LE ROBARON EL DINERO PARA OPERARSE EN CUBA
Romina Kessler tiene “retinosis pigmentaria atípica”. Esto le impide, entre otras cosas, ir a la playa o a los boliches, cuestiones muy comunes para sus contemporáneos de 25 años.
Cuando le descubrieron la enfermedad, luego de deambular un año por varios especialistas, supo que sus dolores de cabeza, mareos, fotofobia y la dificultad en la agudeza visual, tenían que ver con esto.
“Me hacen muy mal las luces, me producen mucho dolor y rechazo. Se me dificulta concentrar la vista, leer, mirar televisión, todo eso que cualquiera hace normalmente, a mi me es difícil”. Romina contó a El Litoral que su malestar se fue acrecentando desde los 18 años, hasta que a los 23 encontró una médica cubana y empezó un tratamiento que la alivió bastante.
Desde ese momento, cuando supo que la tenían que operar para evitar que el daño siguiera avanzando, su familia y amigos empezaron a juntar los 6.000 euros necesarios para eso. Colectas, recitales y donaciones, permitieron llegar al monto.
Finalmente, la tan ansiada intervención iba a ser posible. Tiene los pasajes para ella, “nos alcanzó para pagar únicamente los míos”, para el próximo 6 de enero. La semana que viene su médica la iba a operar en Cuba.
Pero, una de las prácticas delictivas más comunes en los últimos tiempos le truncó esta posibilidad, al menos por ahora. Cuando su papá se retiró de una sucursal céntrica del Nuevo Banco de Santa Fe con el dinero, fue hasta el estacionamiento de La Rioja y 25 de mayo donde le robaron todo.
Irreversible
Romina explicó que su operación es absolutamente necesaria para evitar que los perjuicios progresen. “Esta es una enfermedad progresiva y el deterioro va avanzando. Yo me puedo quedar ciega”.

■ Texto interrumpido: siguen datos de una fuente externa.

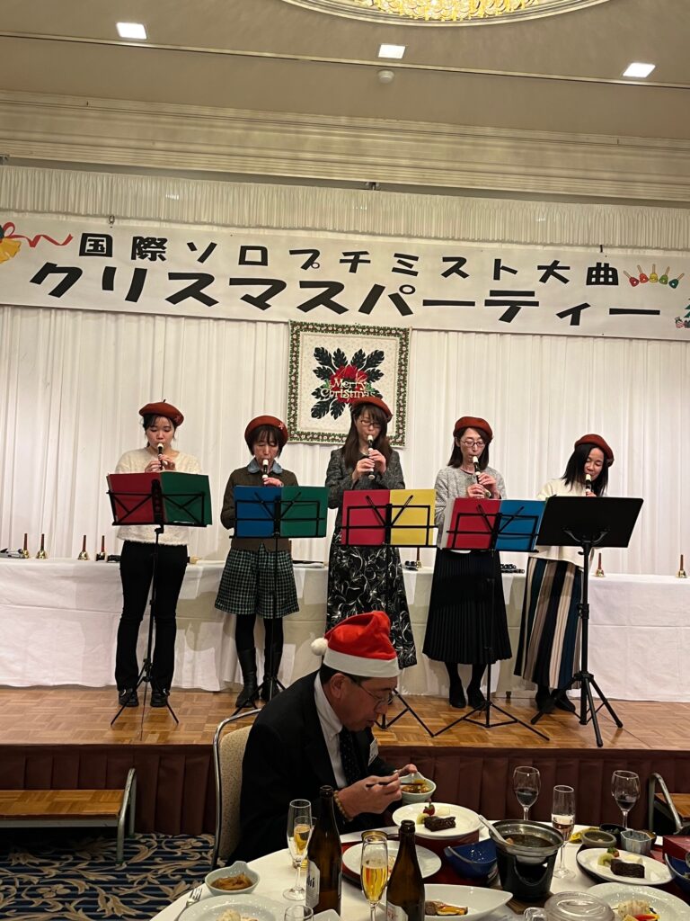 12月17日、川端を会場に、友好団体であるロータリークラブ、ライオンズクラブ等の来賓をお招きして、総勢40名で、ソロプチミスト大曲のクリスマス会が行われました。会場内をクリスマス装飾し、クリスマスモードに。そして、ハンドベル演奏、リコーダー演奏(吹奏楽部経験者有志による)を披露しました。オープニングは、芳田知世会員、芳田和会員(親子で会員)がピアノの連弾でお客様をお迎えしました。また、お客様から、ハンドベル体験をしていただき、「音楽で楽しむクリスマス会」を満喫して喜んでいただきました。「ソロプチミスト大曲」らしい会と好評でした。当日の運営は、教育奉仕委員会と環境保健委員会が担当しました。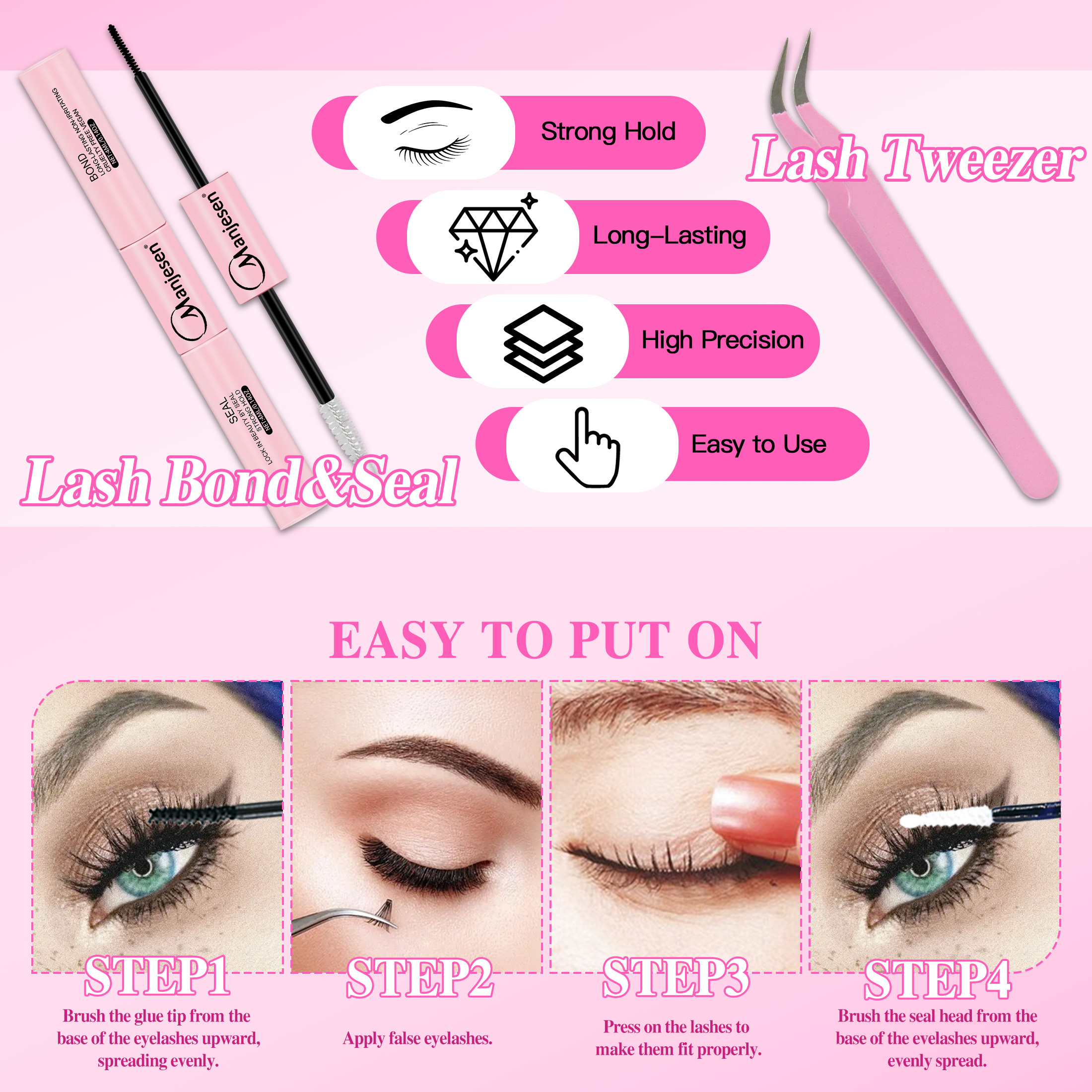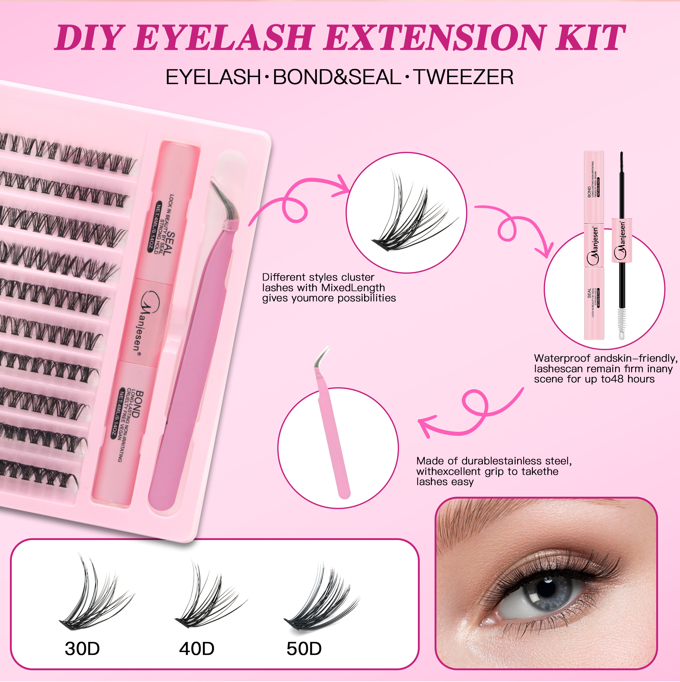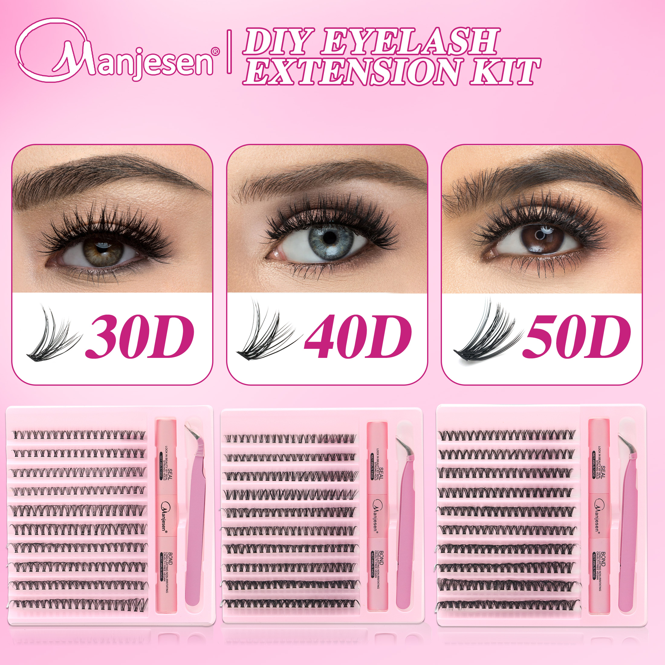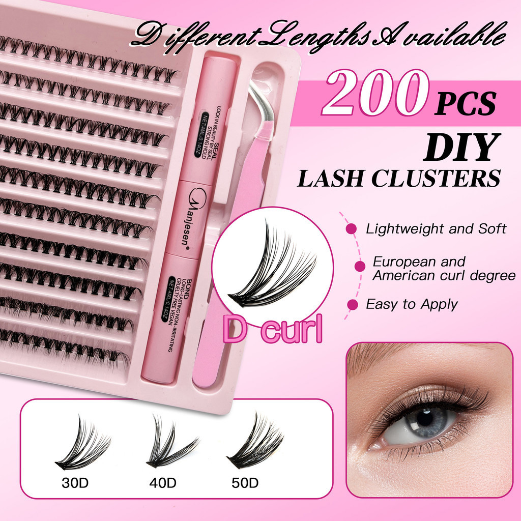Kit De Extensão De Cílios Manjesen-Pacote Com 200 Cola E Pinças , Ondulados Em Forma De D

Por eso la cirugía, que consiste en “un implante de tejido adiposo orbitario en la parte posterior de la retina”, es inminente. “Es para evitar que siga empeorando. Es irreversible, todo lo que se destruye ahora, se pierde. Todas las células dañadas que tengo ya no las recupero más”, dijo.
Por eso, durante dos años y medio, hicieron hasta lo imposible para juntar la plata. Todo fue del esfuerzo de amigos y conocidos. El gobierno, a través de María Eugenia Bielsa, le prometió diversas gestiones que nunca se concretaron. Ni un peso, ni el pasaje.
El gobernador tiene su expediente, pero hasta ahora no lo firmó. Esta mañana, Romina sentía que, con la plata, el turno y el pasaje, perdió la oportunidad de vivir mejor.
– ¿Qué esperas ahora?
– No tengo ninguna ilusión, pero no me queda otra opción… Lo que espero es que el gobierno se haga cargo de algo. Esta es una enfermedad que no se atiende en un hospital público. Esto es una emergencia médica, estoy pidiendo que me den la respuesta que me prometieron.
También espero que caigan en cana todos los que participaron en el robo. El que avisó, el que lo sacó, todos.